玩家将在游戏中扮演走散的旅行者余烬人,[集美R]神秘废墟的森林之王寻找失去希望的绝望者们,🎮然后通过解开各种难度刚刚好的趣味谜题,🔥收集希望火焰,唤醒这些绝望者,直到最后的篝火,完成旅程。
━━━━━━━━━━━━━━━━━━━━━━━━━━━━━━
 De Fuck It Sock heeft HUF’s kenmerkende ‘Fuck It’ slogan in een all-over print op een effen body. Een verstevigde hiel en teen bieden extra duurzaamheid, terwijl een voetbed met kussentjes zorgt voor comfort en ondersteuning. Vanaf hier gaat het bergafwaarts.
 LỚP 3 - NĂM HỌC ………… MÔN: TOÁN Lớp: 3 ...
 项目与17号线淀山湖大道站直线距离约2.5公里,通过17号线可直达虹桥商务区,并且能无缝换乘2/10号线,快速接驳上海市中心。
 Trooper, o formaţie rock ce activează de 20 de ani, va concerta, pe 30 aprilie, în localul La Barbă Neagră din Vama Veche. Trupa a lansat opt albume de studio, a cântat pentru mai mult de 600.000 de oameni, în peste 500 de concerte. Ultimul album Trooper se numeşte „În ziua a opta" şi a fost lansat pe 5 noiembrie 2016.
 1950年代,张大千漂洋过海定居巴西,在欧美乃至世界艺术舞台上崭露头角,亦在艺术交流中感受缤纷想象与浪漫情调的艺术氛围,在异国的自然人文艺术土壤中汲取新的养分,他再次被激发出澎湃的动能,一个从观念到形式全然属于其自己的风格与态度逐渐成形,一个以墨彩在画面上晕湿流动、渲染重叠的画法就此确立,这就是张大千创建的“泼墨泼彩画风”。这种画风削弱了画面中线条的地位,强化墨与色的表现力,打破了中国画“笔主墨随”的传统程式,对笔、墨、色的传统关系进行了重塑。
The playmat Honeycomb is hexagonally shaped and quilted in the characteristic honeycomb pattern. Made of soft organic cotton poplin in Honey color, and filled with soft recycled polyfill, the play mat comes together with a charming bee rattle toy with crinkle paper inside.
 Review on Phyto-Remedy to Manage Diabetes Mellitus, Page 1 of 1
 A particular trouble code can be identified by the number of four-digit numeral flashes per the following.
━━━━━━━━━━━━━━━━━━━━━━━━━━━━━━
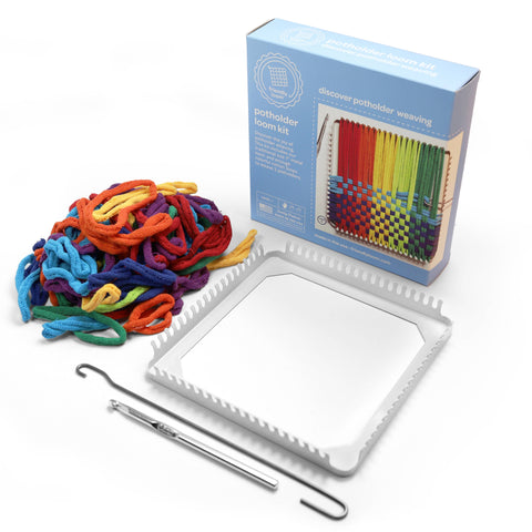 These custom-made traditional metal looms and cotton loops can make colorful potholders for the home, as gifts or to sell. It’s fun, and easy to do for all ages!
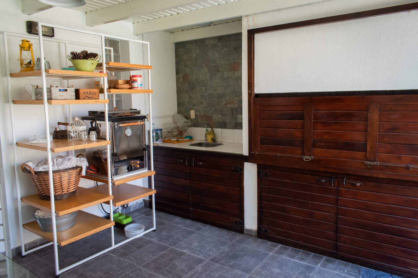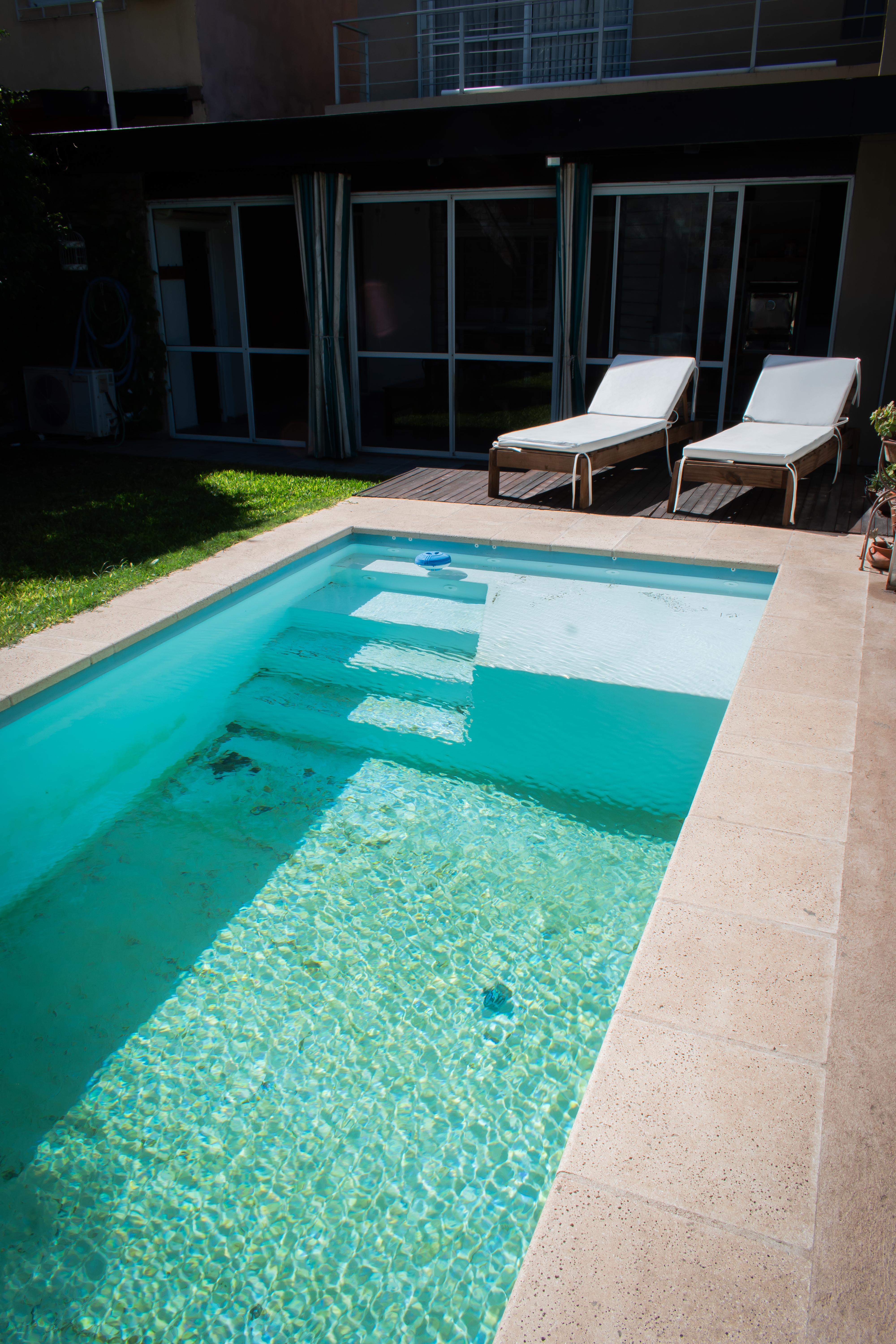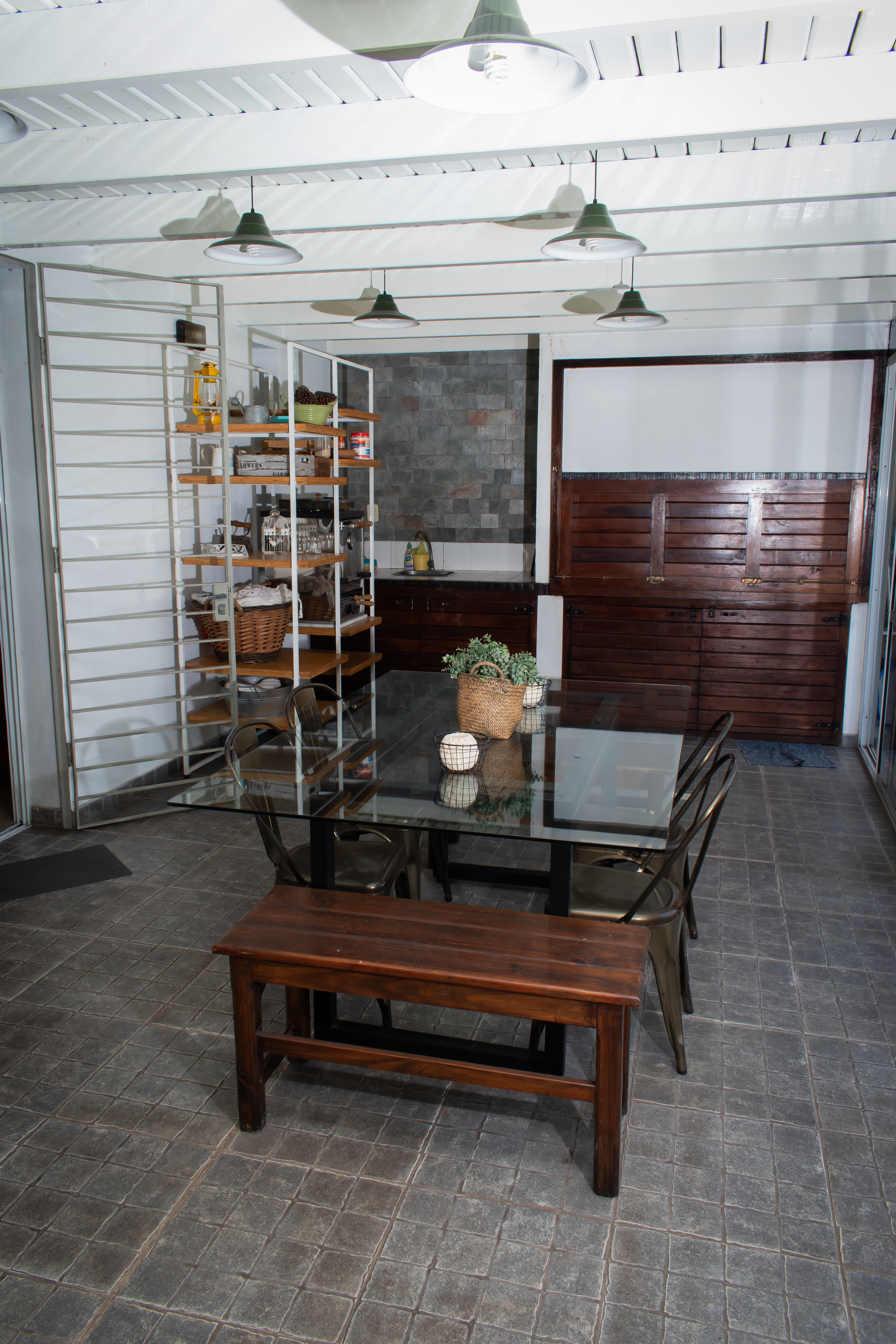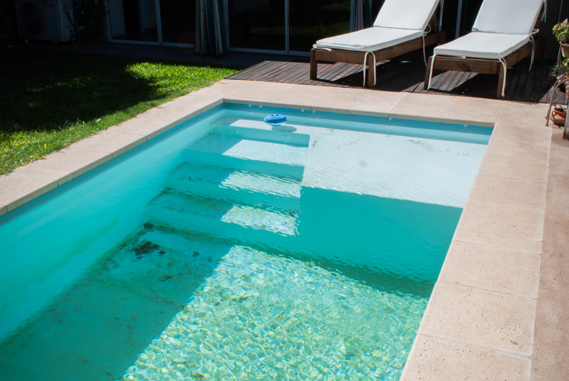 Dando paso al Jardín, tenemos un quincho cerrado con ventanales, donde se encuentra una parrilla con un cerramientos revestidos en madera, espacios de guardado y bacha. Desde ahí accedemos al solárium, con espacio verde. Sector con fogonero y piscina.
━━━━━━━━━━━━━━━━━━━━━━━━━━━━━━
** Exercise requirements **
Within the material above, transcribe exactly the lines that run from the line holding "Review on Phyto-Remedy" through the line holding "A particular trouble".

** Task solution **
 Review on Phyto-Remedy to Manage Diabetes Mellitus, Page 1 of 1
 A particular trouble code can be identified by the number of four-digit numeral flashes per the following.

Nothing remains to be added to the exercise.